> Work required:
Copy the listing in full and exactly, omitting its images.

> Given information:
━━━━━━━━━━━━━━━━━━━━
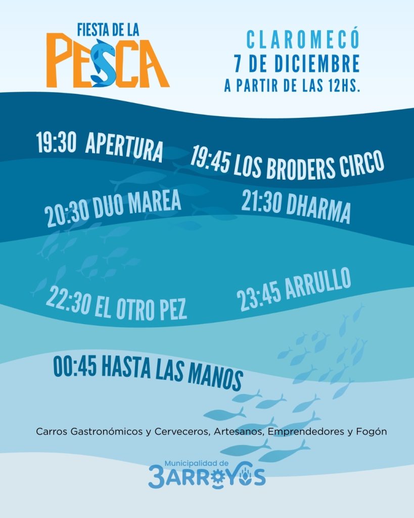 La Municipalidad de Tres Arroyos invita a vecinos, vecinas y turistas a disfrutar de una nueva edición de la Fiesta de la Pesca, que se realizará el domingo 7 de diciembre en Claromecó, a partir de las 12 horas.
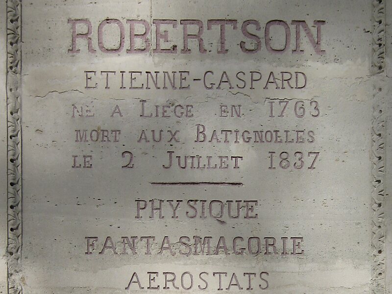 Étienne-Gaspard Robert, often known by the stage name of "Robertson", was a prominent physicist, stage magician and influential developer of phantasmagoria from the Prince-Bishopric of Liège. He was described by Charles Dickens as "an honourable and well-educated showman". Alongside his pioneering work on projection techniques for his shows Robert was also a physics lecturer and a keen balloonist at a time of great development in aviation.
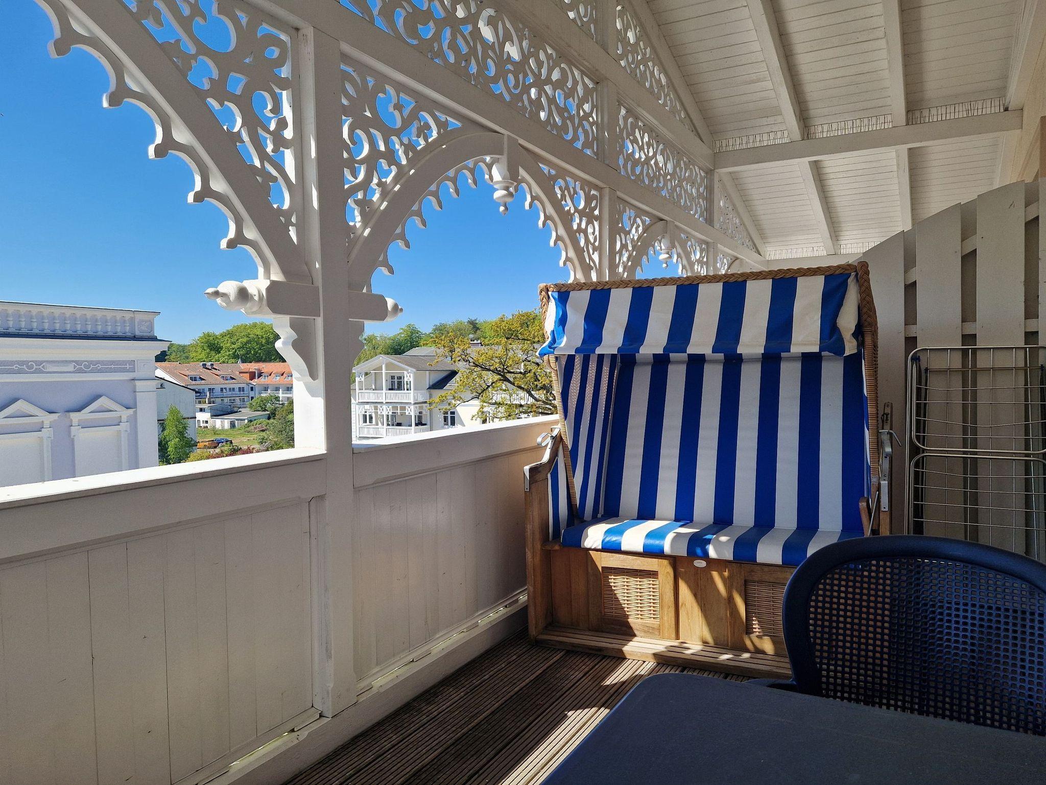 Im Wohnzimmer mit Zugang zum großen Balkon mit eigenem Strandkorb befindet sich eine gemütliche Couch und ein Flachbild TV. Das kleine aber feine Schlafzimmer ist mit einem Doppelbett eingerichtet.
━━━━━━━━━━━━━━━━━━━━
> Written solution:
 La Municipalidad de Tres Arroyos invita a vecinos, vecinas y turistas a disfrutar de una nueva edición de la Fiesta de la Pesca, que se realizará el domingo 7 de diciembre en Claromecó, a partir de las 12 horas.
 Étienne-Gaspard Robert, often known by the stage name of "Robertson", was a prominent physicist, stage magician and influential developer of phantasmagoria from the Prince-Bishopric of Liège. He was described by Charles Dickens as "an honourable and well-educated showman". Alongside his pioneering work on projection techniques for his shows Robert was also a physics lecturer and a keen balloonist at a time of great development in aviation.
 Im Wohnzimmer mit Zugang zum großen Balkon mit eigenem Strandkorb befindet sich eine gemütliche Couch und ein Flachbild TV. Das kleine aber feine Schlafzimmer ist mit einem Doppelbett eingerichtet.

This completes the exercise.